Site Reliability Engineer in Blameless

Closed job - No longer accepting applications

Blameless is an end-to-end Site Reliability Engineering (SRE) platform that enables industry-leading reliability practices so engineering teams can deliver customer happiness with consistency and ease. Our platform helps engineering teams set and monitor SLOs, orchestrate incident response, identify contributing factors, and create a culture of learning and improvement across organizations. Blameless, based in San Mateo, is backed by Accel and Lightspeed Ventures.

Apply exclusively at getonbrd.com.

Job functions

We’re looking for an experienced Site Reliability Engineer to join our SRE team and contribute to a software platform that helps organizations and engineers streamline their reliability efforts. Our SREs play an integral role in architecting, building and iterating on our resilient, scalable systems.
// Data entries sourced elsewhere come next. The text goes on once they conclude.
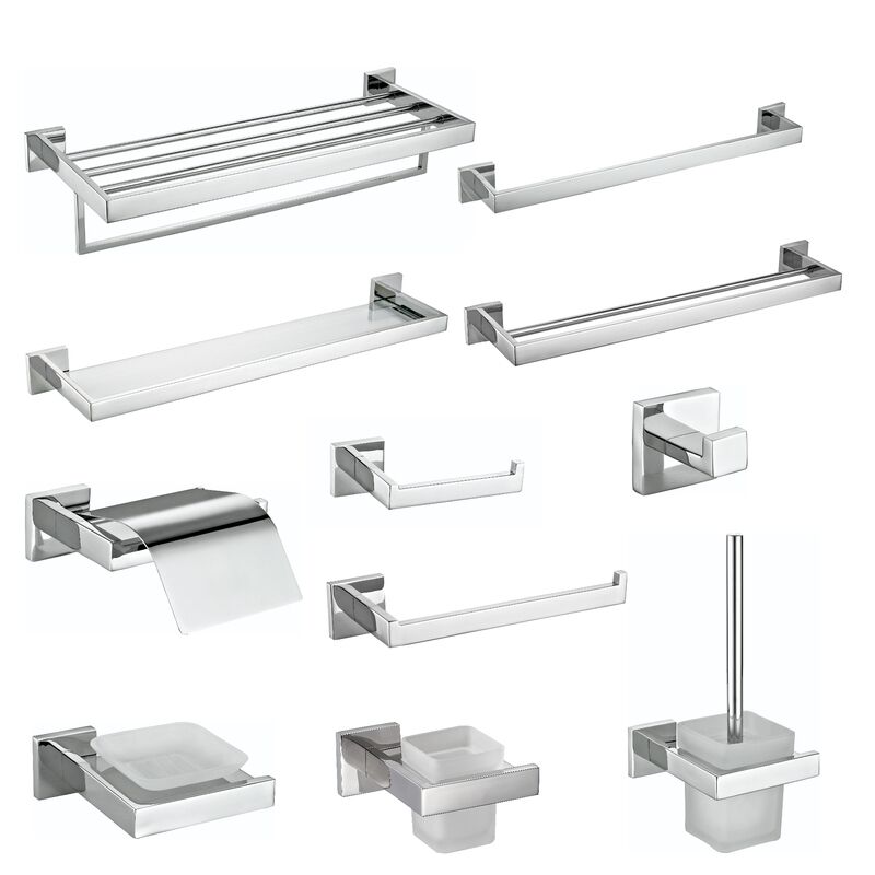 Polished Mirror Square Bathroom Hardware Shower Room Accessory Hotel Home Luxury Bath Toilet Fittings Set Towel Rack Bar Metal
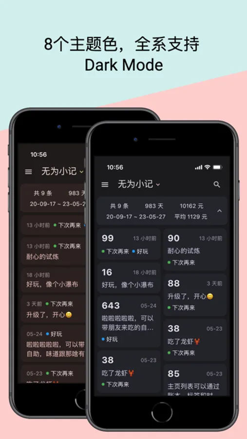 【简单直观】记录列表和统计图表左右滑动切换,根据筛选条件自动更新。
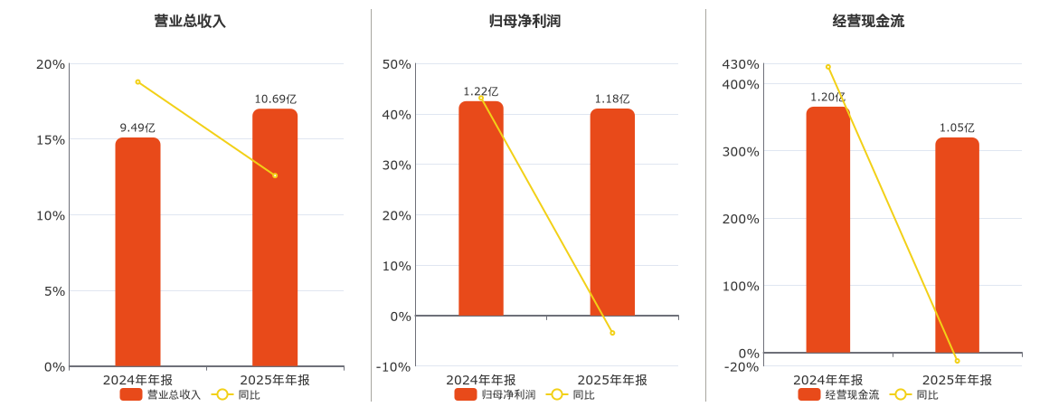 公司营业总收入为10.69亿元,在已披露的同业公司中排名第23。归母净利润为1.18亿元,在已披露的同业公司中排名第17,较去年同报告期归母净利润减少422.04万元,同比较去年同期下降3.45%。经营活动现金净流入为1.05亿元,在已披露的同业公司中排名第18,较去年同报告期经营活动现金净流入减少1498.86万元,同比较去年同期下降12.50%。
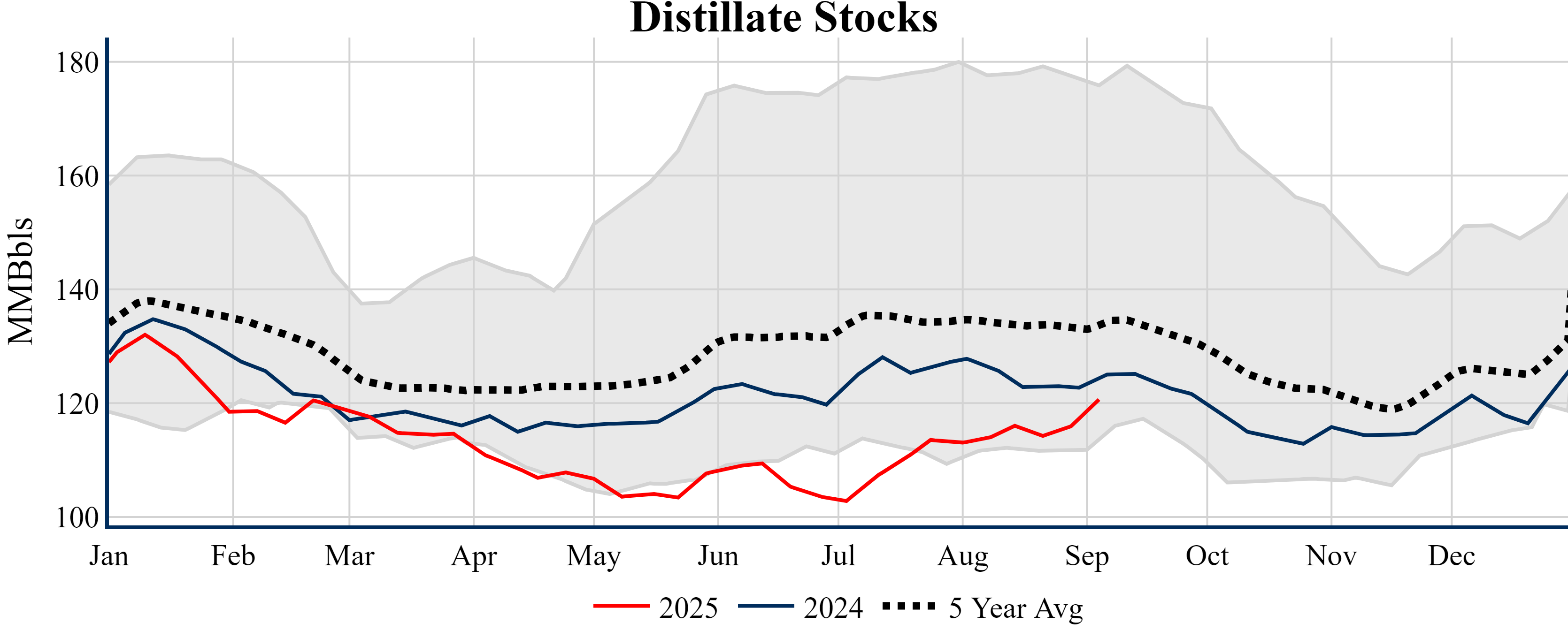 Inventories for the U.S. are now at a deficit of 5.70 MMBbls (-1.4%) to last year, and a deficit of 13.10 MMBbls (-3.0%) to the five-year average.
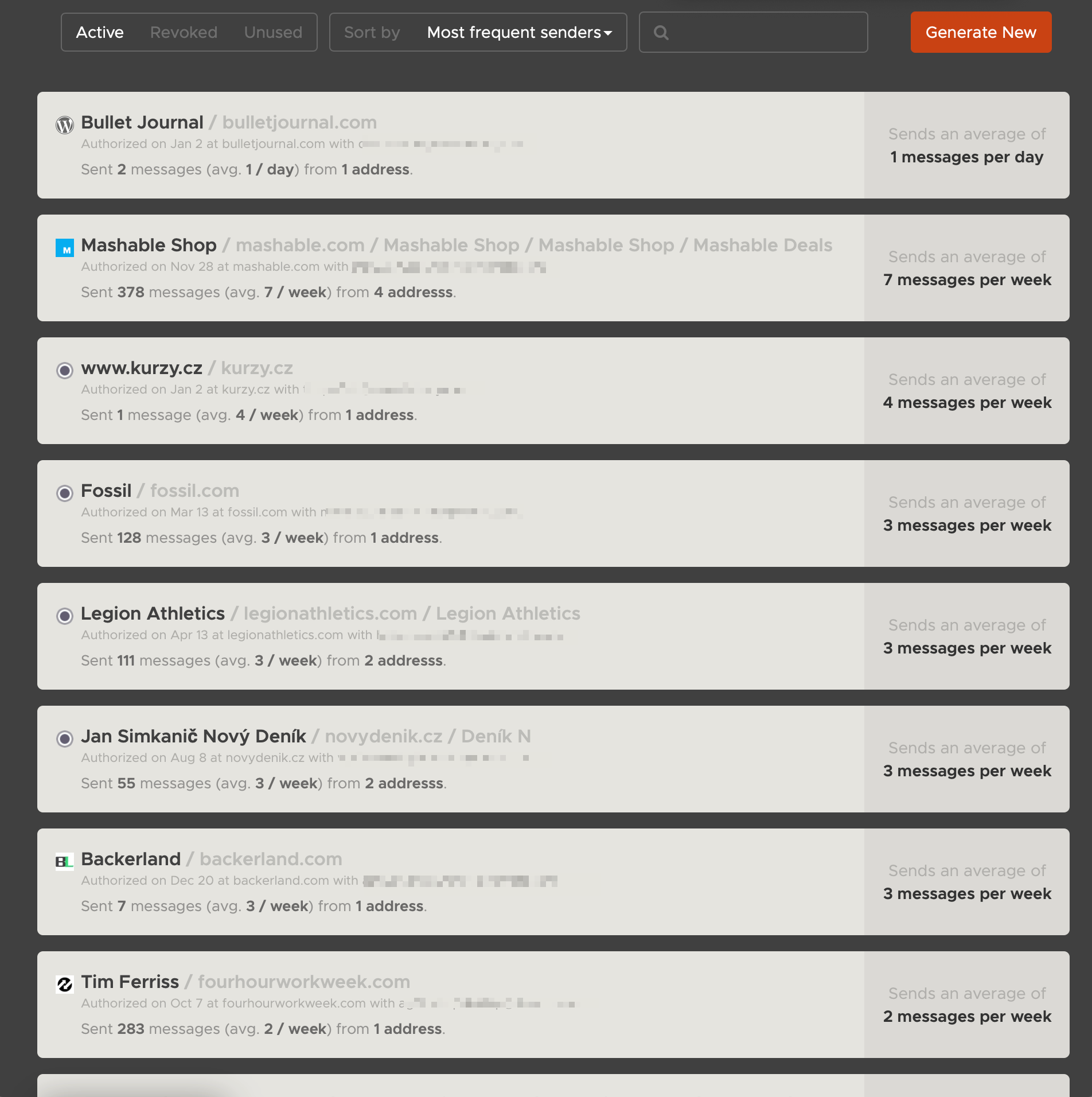 Funguje jednoduše: když se chcete někde zaregistrovat k odběru čehokoli, pomocí pluginu v prohlížeči (funguje v Chrome, Safari, Fireforu, Opeře a taky i na iOS a Androidu) si vygenerujete ad-hoc anonymizovanou jedinečnou adresu, která bude spojena výhradně s vámi a daným webem (web se ale nedozví, komu patří). Throttle vám bude pravidelně denně posílat výběr zpráv, které vám dojdou na všechny adresy, které jste si přes něj vytvořili. Můžete si je navíc třídit do kategorií a na pracovní adresu nechat posílat jiný výběr než na tu osobní. Pokud se rozhodnete nějaký odběr ukončit (např. když se vám to nepodařilo udělat přes web odesilatele), prostě jej přes Throttle jedním kliknutím zrušíte a nemusíte v newsletteru hledat tlačítko „unsubscribe“ či jej hlásit jako spam (což není fér, pokud je jediným prohřeškem, že vás newslettery už nebaví). Je to geniální a fakt to miluju. Do Throttlu dnes už padá většina mých registrací, navíc jsem si ho vylepšil vlastní doménou (kterou na nic jiného nepoužívám), takže mé ad-hoc adresy nekončí na obecné @thrott.com :).
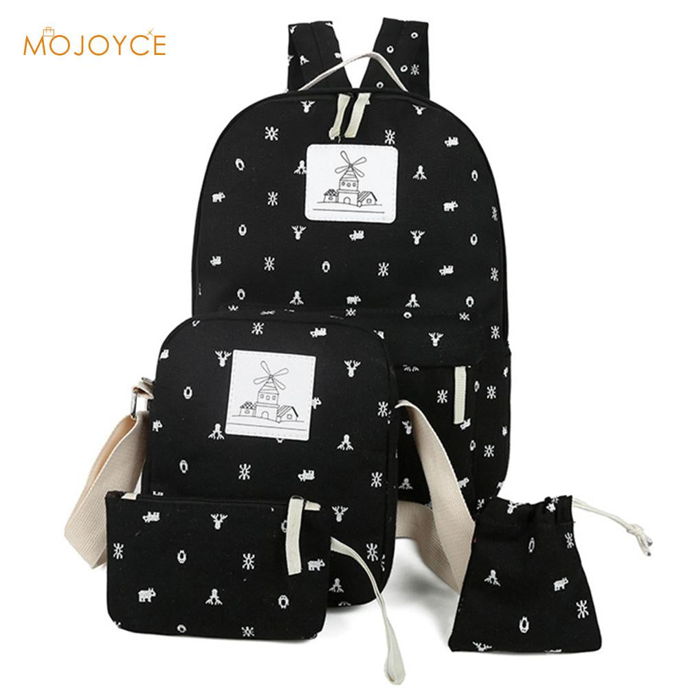 4 pcPreppy Style Women Printing CanvaBackpackStudent School Bag for TeenagGirlRucksack Travel Bag Mochila
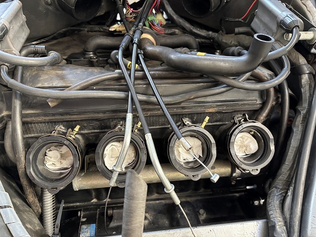 結局はバッテリーがダメなのでしょう。エンジンのかかりが良くないなとは思っていましたが。いい経験ができました。セルは回ってもポンプは回らないという症状。こういうことをしていたので、混合気が薄い?とおもって90度戻して2回転戻しとなったわけです。あとは午前中にキャブを組んだ時点で、今までインシュレータに確りはまっていなかった可能性があるようなので、今回は確実に入れました。キャブを。午前中にバタフライの再調整もしました。

You’ll join our passionate team and help us launch reliable features and services. Want to work with the latest and greatest tools and frameworks to support our growing backend and infrastructure needs? Are you self-motivated and comfortable working in a fast-paced environment? Then SRE at Blameless is the place for you!

In this role, you will:

Help manage our cloud infrastructure (AWS, GCP and Azure), scripting/coding (BASH, Python and Go), infrastructure-as-code (Terraform) and the CloudNative ecosystem (Kubernetes, Prometheus, Helm, etc.).
Develop infrastructure to deploy onto, ensuring scalability and resiliency
Improve processes to help optimize our ability to deploy quickly while maintaining high quality systems
Build tools and automation to fill the gaps in our current systems
Assist with incidents and support our Engineering team in dog fooding our Blameless incident orchestration
Conduct postmortems to ensure constant improvement

Requirements:

3+ years of experience as an Site Reliability Engineer
2+ years of experience with Kubernetes and managing cloud resources.
2+ years of managing cloud infrastructures (AWS, GCP, or Azure)
2+ years of experience working with BASH, Python, or GO
Experience working with Terraform or similar tools
Experience collecting and processing metrics from tools such as Prometheus/Datadog/NewRelic
A strong understanding of SLOs and SLIs
Experience building and working on deployment systems

The Impact of this Role:

Help us design and build our early-stage company
Accelerate our efforts towards product-market fitInfluence an open, productive and effective culture
Learn about operating a startup, fund-raising and scaling teams
Grow your career exponentially by joining a rocket ship

GETONBRD Job ID: 25763

Remote work policy

Locally remote only

Position is 100% remote, but candidates must reside in Chile, Argentina or United States.